» WHAT THE TASK ASKS:
Lines from the one containing "- Trójkątny plecak" to the end of the records, both ends included and exactly as written, are the whole answer, and no pictures go in it.

+-------+

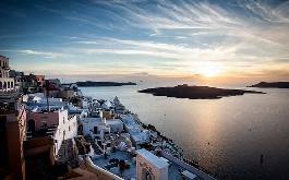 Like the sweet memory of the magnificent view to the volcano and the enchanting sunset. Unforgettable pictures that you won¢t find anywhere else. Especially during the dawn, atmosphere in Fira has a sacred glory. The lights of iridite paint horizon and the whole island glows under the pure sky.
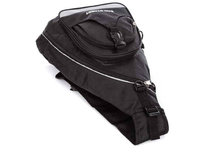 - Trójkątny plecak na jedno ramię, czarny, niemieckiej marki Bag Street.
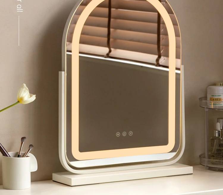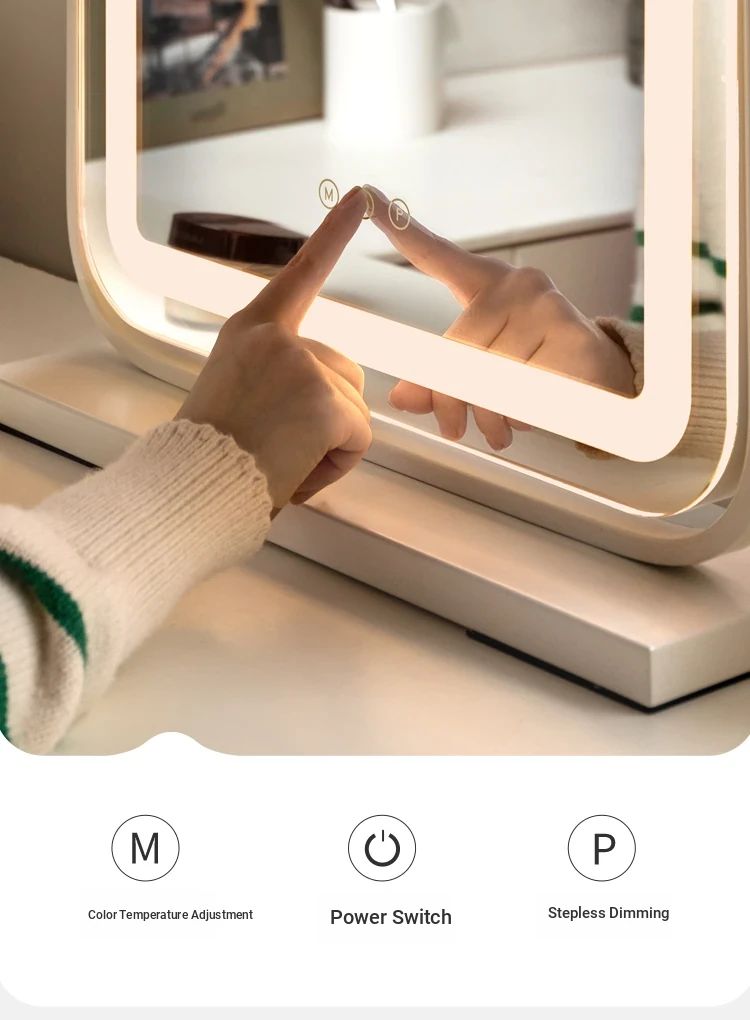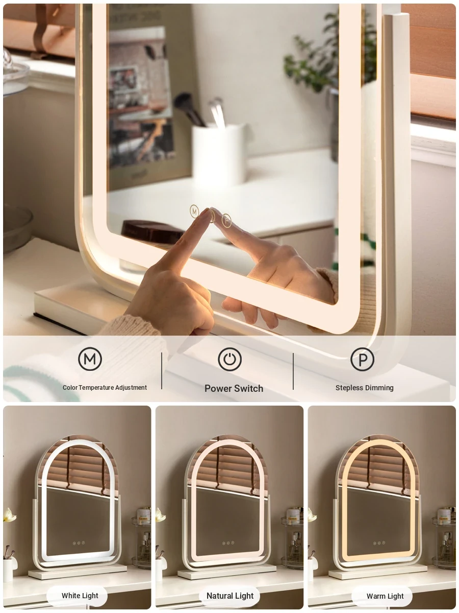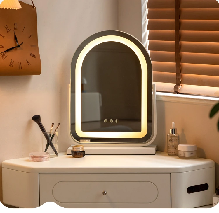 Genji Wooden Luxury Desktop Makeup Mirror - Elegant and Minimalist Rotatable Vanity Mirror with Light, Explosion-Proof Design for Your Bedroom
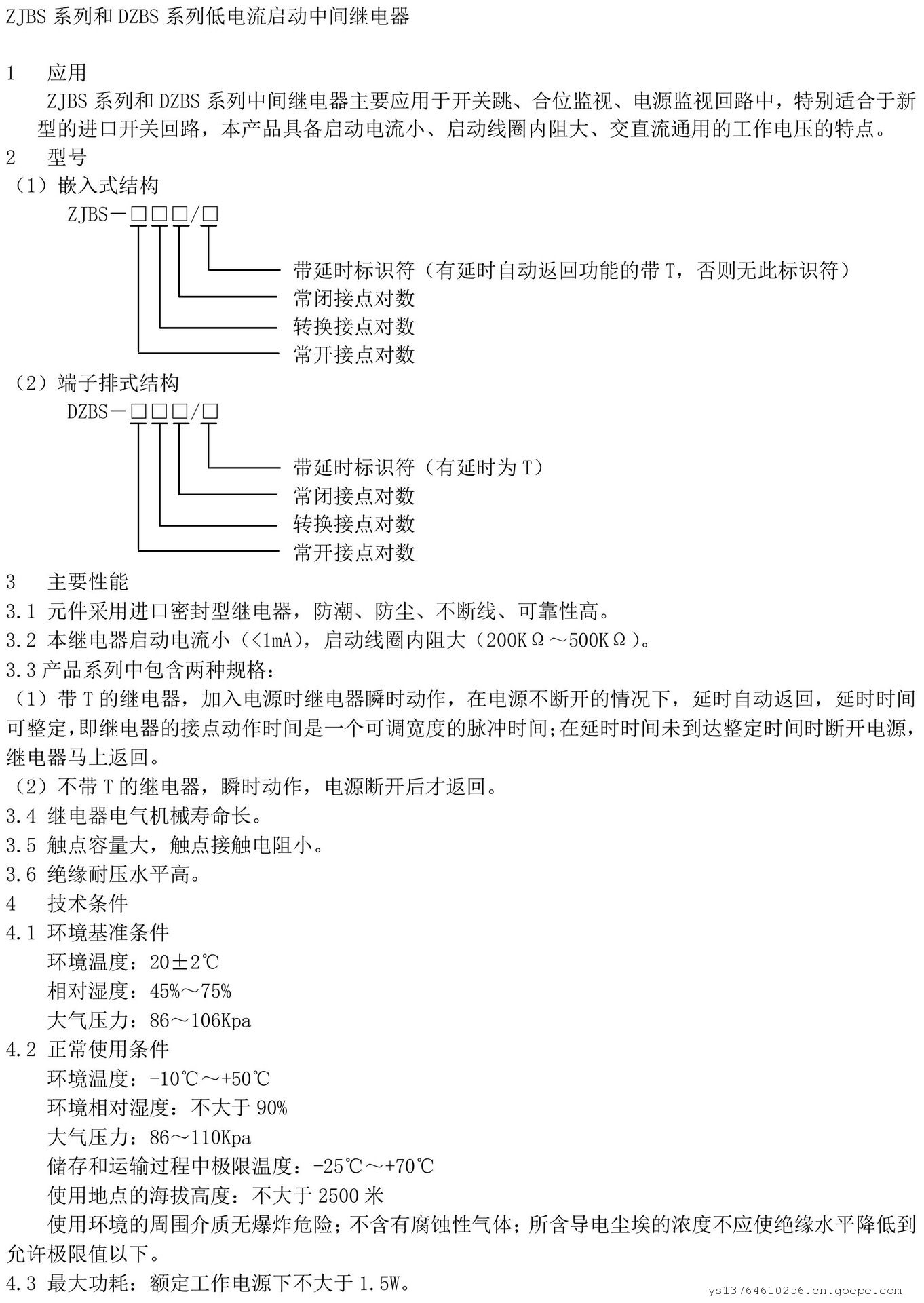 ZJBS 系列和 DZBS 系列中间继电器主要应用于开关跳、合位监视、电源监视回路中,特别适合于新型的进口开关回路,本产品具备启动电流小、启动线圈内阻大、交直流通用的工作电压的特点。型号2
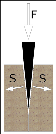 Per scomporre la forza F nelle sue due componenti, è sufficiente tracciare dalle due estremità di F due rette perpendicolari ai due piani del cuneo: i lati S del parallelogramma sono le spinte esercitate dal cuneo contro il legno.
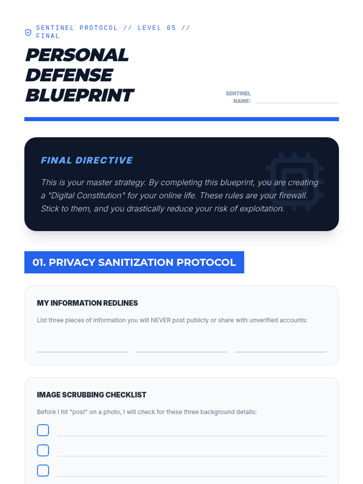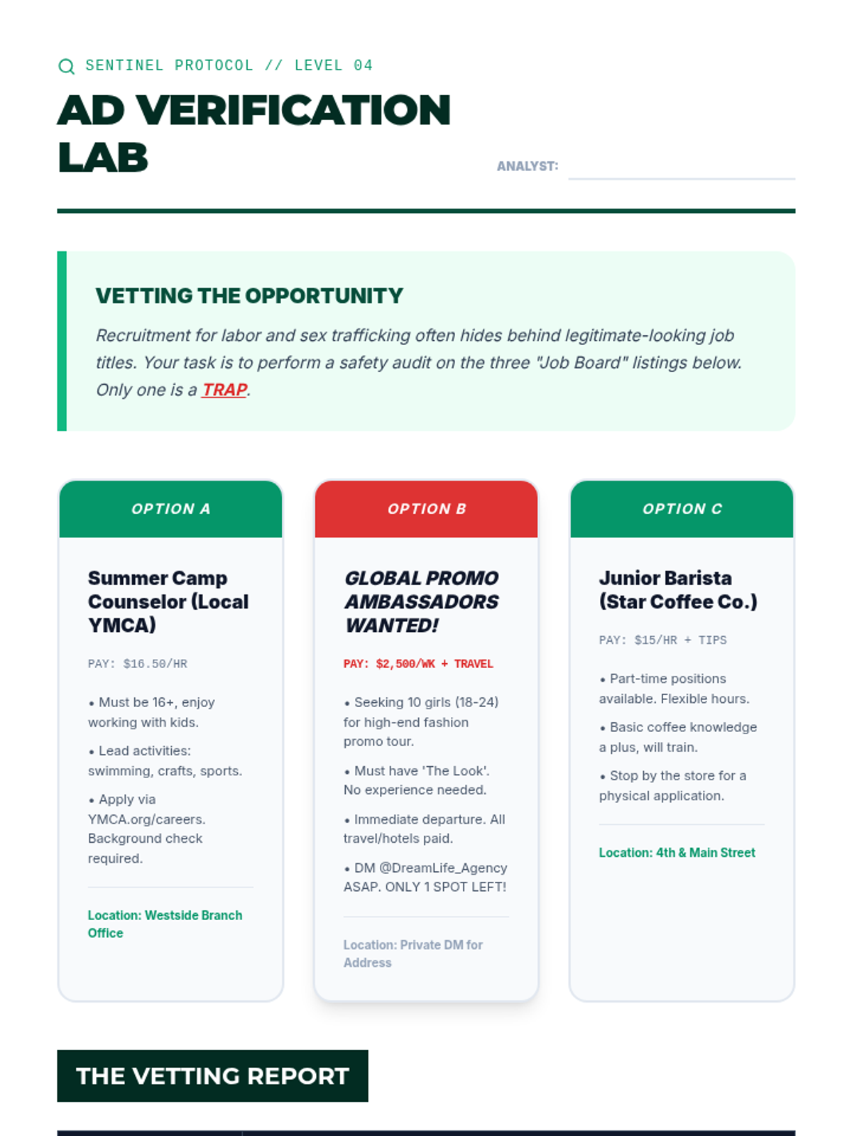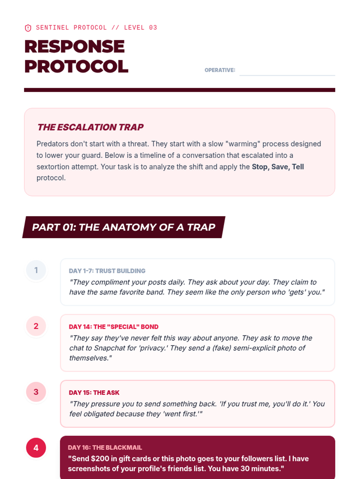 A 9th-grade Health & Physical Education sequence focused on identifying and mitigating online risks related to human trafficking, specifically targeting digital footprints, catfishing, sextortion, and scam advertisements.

+-------+

» REPLY:
 - Trójkątny plecak na jedno ramię, czarny, niemieckiej marki Bag Street.
 Genji Wooden Luxury Desktop Makeup Mirror - Elegant and Minimalist Rotatable Vanity Mirror with Light, Explosion-Proof Design for Your Bedroom
 ZJBS 系列和 DZBS 系列中间继电器主要应用于开关跳、合位监视、电源监视回路中,特别适合于新型的进口开关回路,本产品具备启动电流小、启动线圈内阻大、交直流通用的工作电压的特点。型号2
 Per scomporre la forza F nelle sue due componenti, è sufficiente tracciare dalle due estremità di F due rette perpendicolari ai due piani del cuneo: i lati S del parallelogramma sono le spinte esercitate dal cuneo contro il legno.
 A 9th-grade Health & Physical Education sequence focused on identifying and mitigating online risks related to human trafficking, specifically targeting digital footprints, catfishing, sextortion, and scam advertisements.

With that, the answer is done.